Right. This is a little bit odd, although virtualization (Qemu, which is the main use case of MKTME
at least so far) doesn't use fork().

> More fundamentally, in some sense, the current code has no semantics.
> Associating a key with memory and "encrypting" it doesn't actually do
> anything unless you are attacking the memory bus but you haven't
> compromised the kernel. There's no protection against a guest that
> can corrupt its EPT tables, there's no protection against kernel bugs
> (*especially* if the duplicate direct map design stays), and there
> isn't even any fd or other object around by which you can only access
> the data if you can see the key.

I am not saying managing MKTME key/keyID in key retention service is definitely better, but it seems
all those you mentioned are not related to whether to choose key retention service to manage MKTME
key/keyID? Or you are saying it doesn't matter we manage key/keyID in key retention service or in
MKTME driver, since MKTME barely have any security benefits (besides physical attack)?

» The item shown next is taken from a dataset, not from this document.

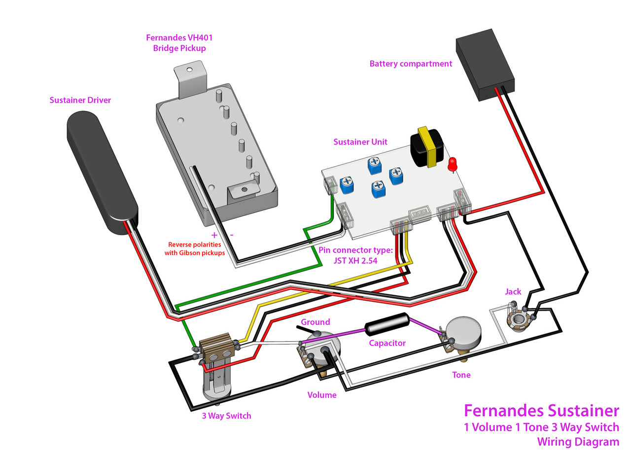 На схеме потенциометр уровня сустейна подключается к среднему разъёму, и там нет никакого переключателя.

> I'm also wondering whether the kernel will always be able to be a
> one-stop shop for key allocation -- if the MKTME hardware gains
> interesting new uses down the road, who knows how key allocation will
> work?

I by now don't have any use case which requires to manage key/keyID specifically for its own use,
rather than letting kernel to manage keyID allocation. Please inspire us if you have any potential.